After more than three years under construction, a $15-million private hospital in Phnom Penh funded jointly by the renowned Cho Ray Hospital in Ho Chi Minh City and Cambodian petroleum giant Sokimex will officially open its doors in January, municipal officials said Wednesday.
The Cho Ray Phnom Penh Hospital—which sits on a 5-hectare plot in Meanchey district’s Niroth commune—will be inaugurated on January 13, but will begin providing limited medical services later this month, municipal governor Pa Socheatvong said during a meeting at City Hall on Wednesday.
“[Prime Minister] Hun Sen and the Vietnamese Prime Minister [Nguyen Tan Dung] will preside over the inauguration,” Mr. Socheatvong said.
Sok Kong, president of Sokimex, which financed 30 percent of the new hospital, has said the facility is intended to reduce travel expenses for the thousands of patients who every year flock to Vietnam for medical treatment.
Those who can afford it have long turned to hospitals outside Cambodia, seeking an alternative to the country’s chronically underfunded public health system.
The Cho Ray Phnom Penh Hospital will operate as a sister facility to the 1,200-bed Cho Ray Hospital in Ho Chi Minh City, but will employ only Cambodian doctors and nurses, who will receive an additional eight months of training courtesy of Ho Chi Minh City, according to City Hall.

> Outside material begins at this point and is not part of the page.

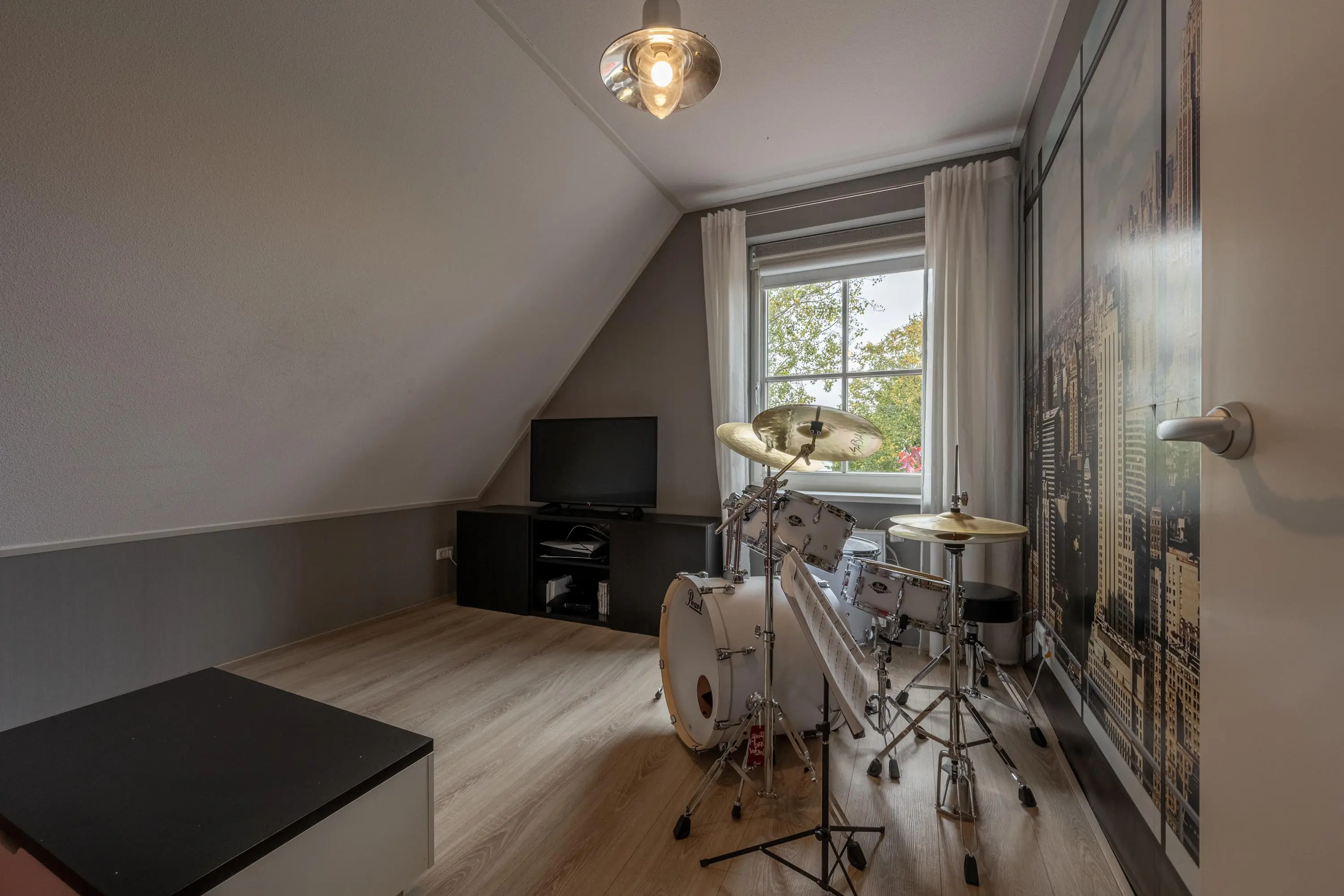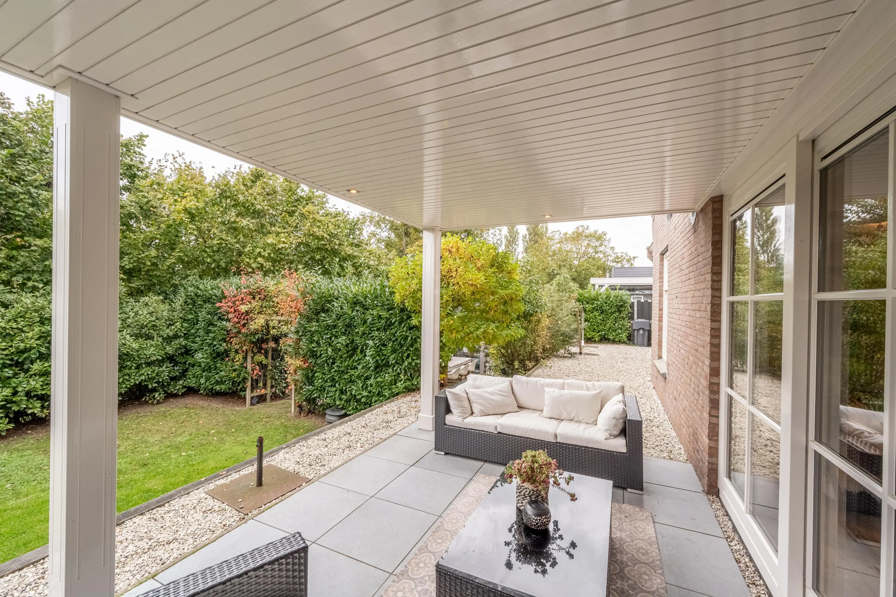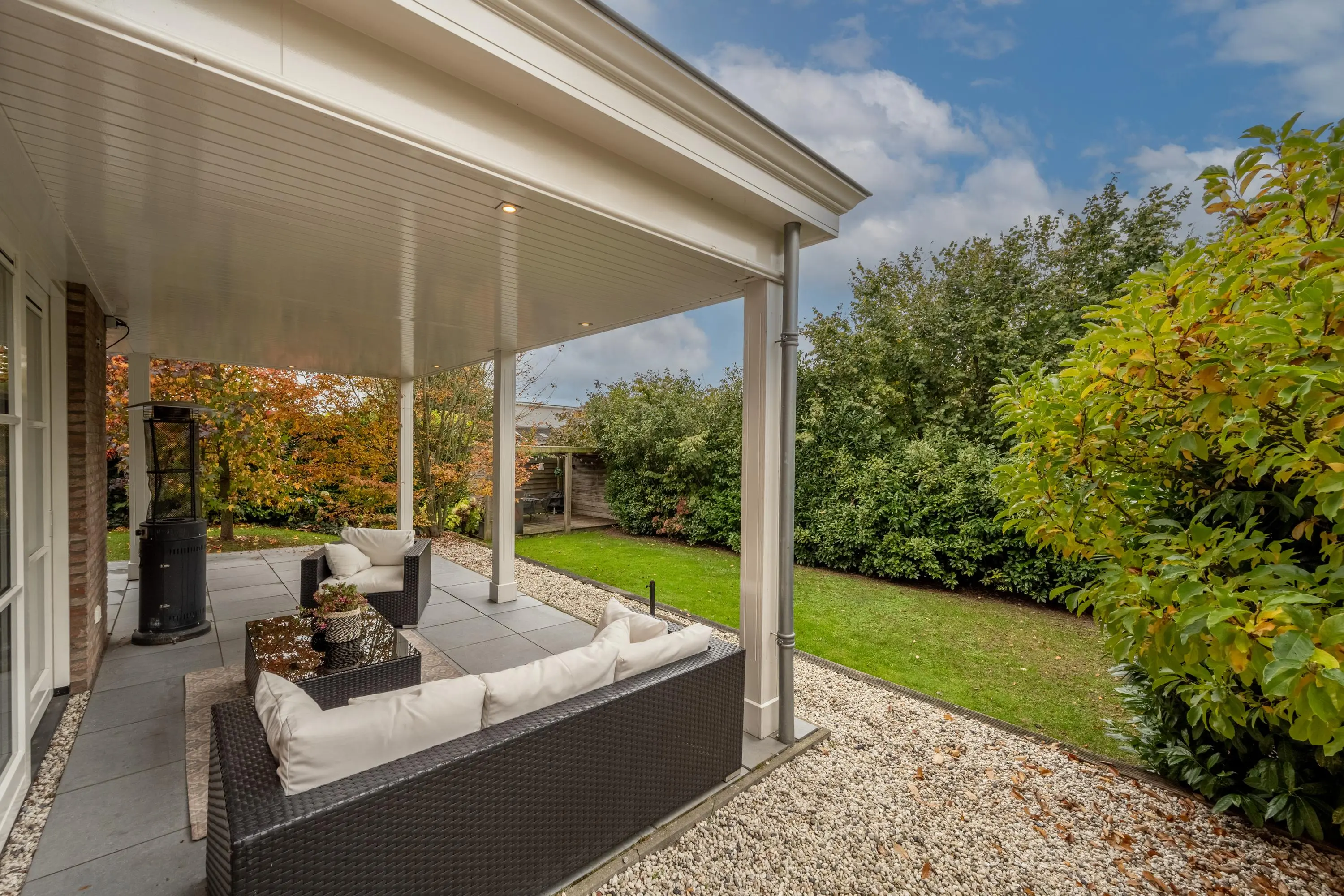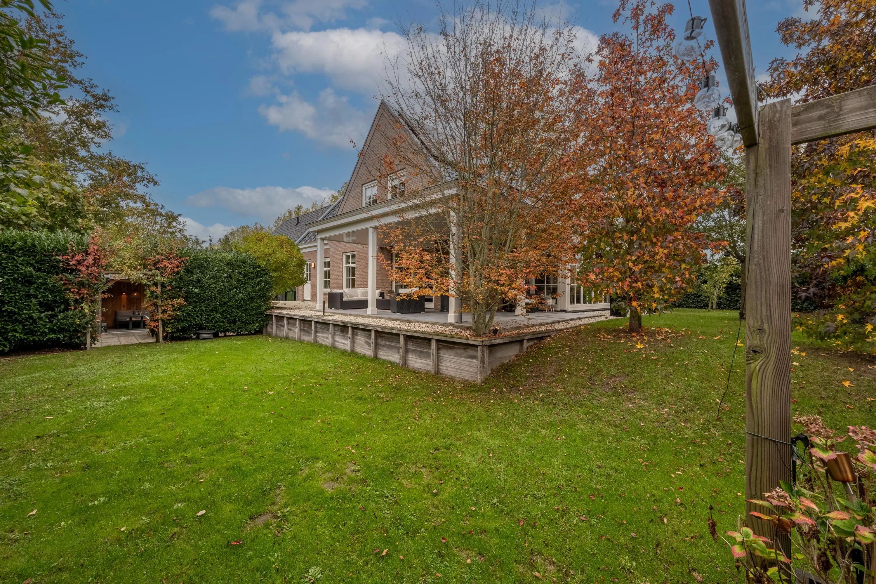 De royale living is een oase van licht en comfort. Het zitgedeelte aan de achterzijde is voorzien van een sfeervolle haard en biedt via grote raampartijen een prachtig uitzicht op de tuin. Het eetgedeelte is ruim genoeg voor een grote eettafel en vormt samen met de woonkamer één sfeervol geheel.

Municipal spokesman Long Dimanche said Thursday that workers are now unpacking and setting up the advanced medical appliances that will fill the building.
“A group of 14 doctors will come from Ho Chi Minh City to Cambodia next week to inspect the medical equipment,” a statement released Wednesday by City Hall says.
But while the Cho Ray Phnom Penh Hospital may share the name of its in progenitor in Ho Chi Minh City, patients should not expect the same quality of care, said Thir Kruy, secretary of state at the Ministry of Health.
“The hospital will employ…Cambodian doctors and nurses, so I wouldn’t dare say the treatment will be as highly effective as at the Cho Ray Hospital in Vietnam, because [Vietnamese doctors] have received education and experience in France and other developed countries,” he said.